• **Your objective**
Line by line, repeat the data below exactly, beginning at the first line and ending at the line with "Das elegante Silberkreuz Kristina mit Rubin-Zirkonen ist ein". Omit pictures.

• **Source data**
====================

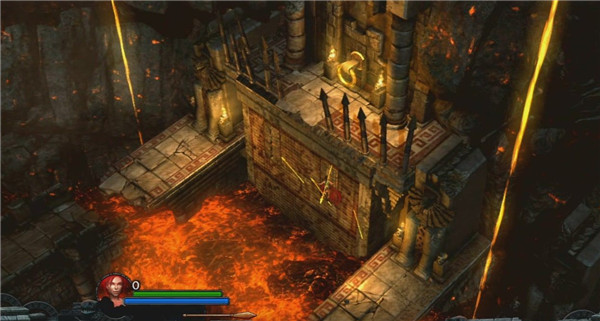 4、双人合作:灵活的劳拉和壮实的托泰克很好地形成互补,劳拉有钩锁、手枪、传奇的身手,而托泰克虽然灵活性较差,但更为强大,装备着盾和矛。这样,在关卡的全程,自然就需要这两个人互补性的合作,例子到处都是。比如劳拉可以爬上托泰克的盾牌到达高处,然后用钩锁将托泰克吊上来。也有的时候,是托泰克不断扔出长矛,为劳拉搭建通往目的地的阶梯。游戏中如果一个角色死了,另一个可以通过牺牲自己的血来复活同伴,但有时间限制。
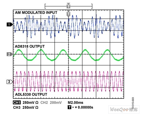 为使AGC环路保持均衡,AD8318必须跟踪ADL5330输出信号的包络,并向ADL5330的增益控制输入提供必要的电平。图3所示为图1中AGC环路的示波器屏幕截图。将采用50% AM调制的100 MHz正弦波施加于ADL5330。ADL5330的输出信号为恒定的包络正弦波,其振幅与AD8318的设定点电压1.5 V相对应。图中还显示了AD8318对不断变化的输入包络的增益控制响应。
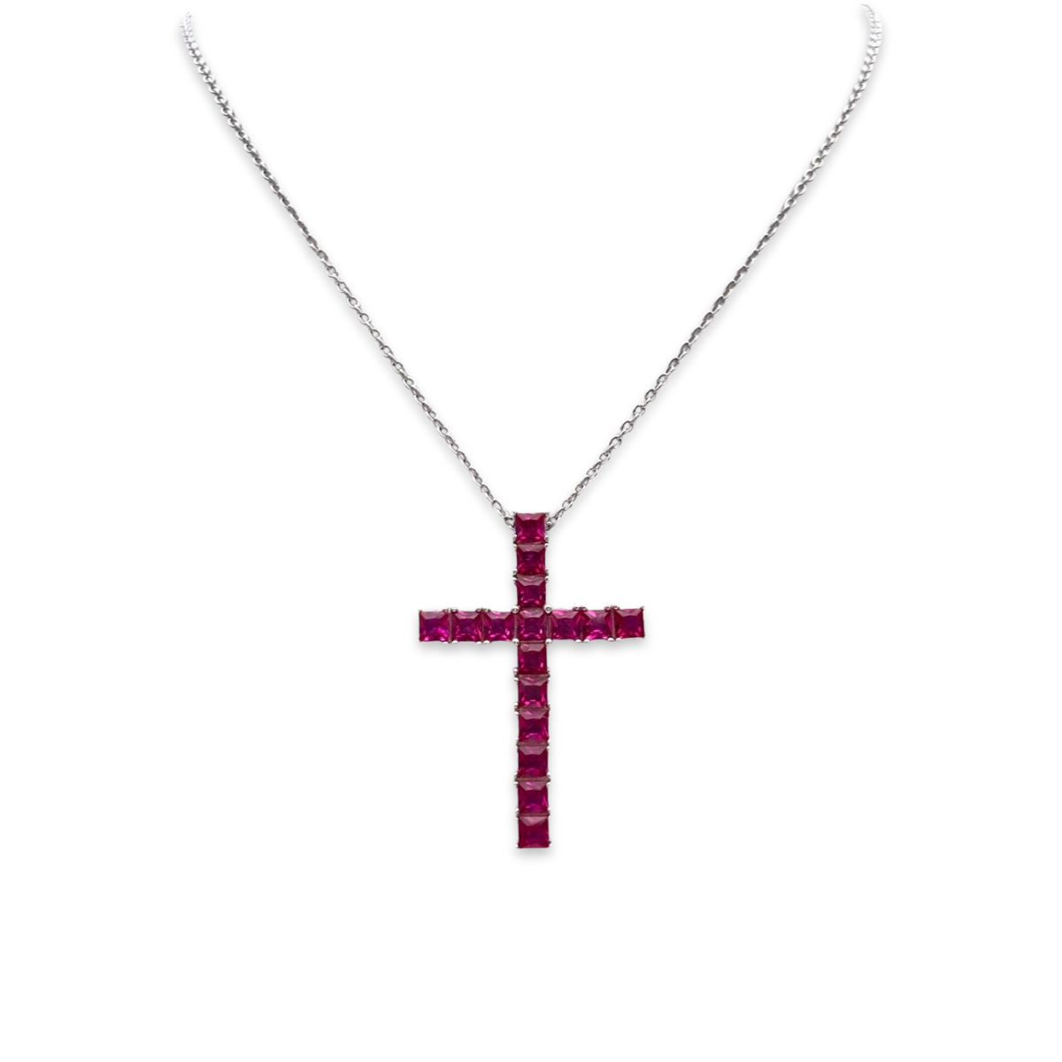Das elegante Silberkreuz Kristina mit Rubin-Zirkonen ist ein atemberaubendes und bedeutungsvolles Schmuckstück, das Eleganz mit einem Hauch von Spiritualität verbindet. Dieses Kreuzanhänger verfügt über ein hochwertiges Silbersdesign, das mit strahlenden Rubin-Zirkonen verziert ist. Die Rubin-Zirkone sind sorgfältig gefasst, um eine faszinierende Darstellung von sattem Rot und funkelnder Brillanz zu schaffen, die dem Kreuz ein lebendiges und auffälliges Element verleiht. Der Silberanhänger ist meisterhaft mit filigranen Details gefertigt, die das handwerkliche Können und die Liebe zum Detail zeigen. Das elegante Silberkreuz Kristina mit Rubin-Zirkonen ist nicht nur ein schönes Accessoire, sondern auch ein Symbol für Glauben und Hingabe. Ob als persönliches Statement oder als bedeutungsvolles Geschenk getragen, wird es wegen seines exquisiten Designs und seiner symbolischen Bedeutung sicher geschätzt und bewundert.
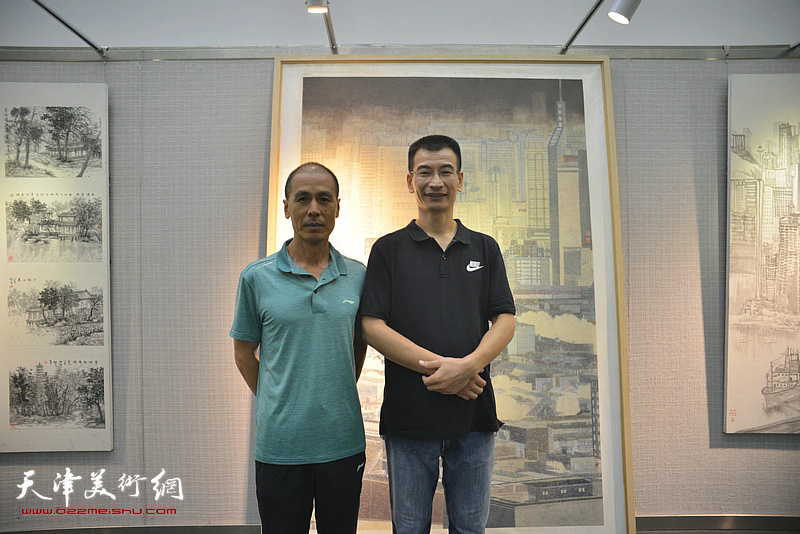 五位画家是城市画派的核心成员,长期关注城市的发展与历史变迁。魏瑞江的都市水墨作品诗情画意般地讲述着城中城的故事。他的水墨画中,避开了喧嚣,躲开了拓象,寻觅树影婆裟中的楼影,找寻窗门里阶梯上的故事,用诗意的眼,诗意的心体悟其中似聚似散的韵味。那夕阳中风韵绰约的金色一抹,那微风中飒然作响旧巷深处的老绿枝干,和那空阶无人石缝里曾经的革履声声。魏瑞江的作品恰恰是通过水墨表现出了城市的色彩斑斓。对此,天津师范大学艺术学院教授姜金军道出了其中缘由。他说,色彩不是必须通过颜色才能表现出来的,素描、白描同样可以表达出另类的色彩感觉。魏瑞江老师有着深厚的水彩画基础。他用水墨表现出色彩的感觉,在水彩、水粉、水墨之间徘徊过渡,自在从容。

====================

• **Answer space**
 4、双人合作:灵活的劳拉和壮实的托泰克很好地形成互补,劳拉有钩锁、手枪、传奇的身手,而托泰克虽然灵活性较差,但更为强大,装备着盾和矛。这样,在关卡的全程,自然就需要这两个人互补性的合作,例子到处都是。比如劳拉可以爬上托泰克的盾牌到达高处,然后用钩锁将托泰克吊上来。也有的时候,是托泰克不断扔出长矛,为劳拉搭建通往目的地的阶梯。游戏中如果一个角色死了,另一个可以通过牺牲自己的血来复活同伴,但有时间限制。
 为使AGC环路保持均衡,AD8318必须跟踪ADL5330输出信号的包络,并向ADL5330的增益控制输入提供必要的电平。图3所示为图1中AGC环路的示波器屏幕截图。将采用50% AM调制的100 MHz正弦波施加于ADL5330。ADL5330的输出信号为恒定的包络正弦波,其振幅与AD8318的设定点电压1.5 V相对应。图中还显示了AD8318对不断变化的输入包络的增益控制响应。
Das elegante Silberkreuz Kristina mit Rubin-Zirkonen ist ein atemberaubendes und bedeutungsvolles Schmuckstück, das Eleganz mit einem Hauch von Spiritualität verbindet. Dieses Kreuzanhänger verfügt über ein hochwertiges Silbersdesign, das mit strahlenden Rubin-Zirkonen verziert ist. Die Rubin-Zirkone sind sorgfältig gefasst, um eine faszinierende Darstellung von sattem Rot und funkelnder Brillanz zu schaffen, die dem Kreuz ein lebendiges und auffälliges Element verleiht. Der Silberanhänger ist meisterhaft mit filigranen Details gefertigt, die das handwerkliche Können und die Liebe zum Detail zeigen. Das elegante Silberkreuz Kristina mit Rubin-Zirkonen ist nicht nur ein schönes Accessoire, sondern auch ein Symbol für Glauben und Hingabe. Ob als persönliches Statement oder als bedeutungsvolles Geschenk getragen, wird es wegen seines exquisiten Designs und seiner symbolischen Bedeutung sicher geschätzt und bewundert.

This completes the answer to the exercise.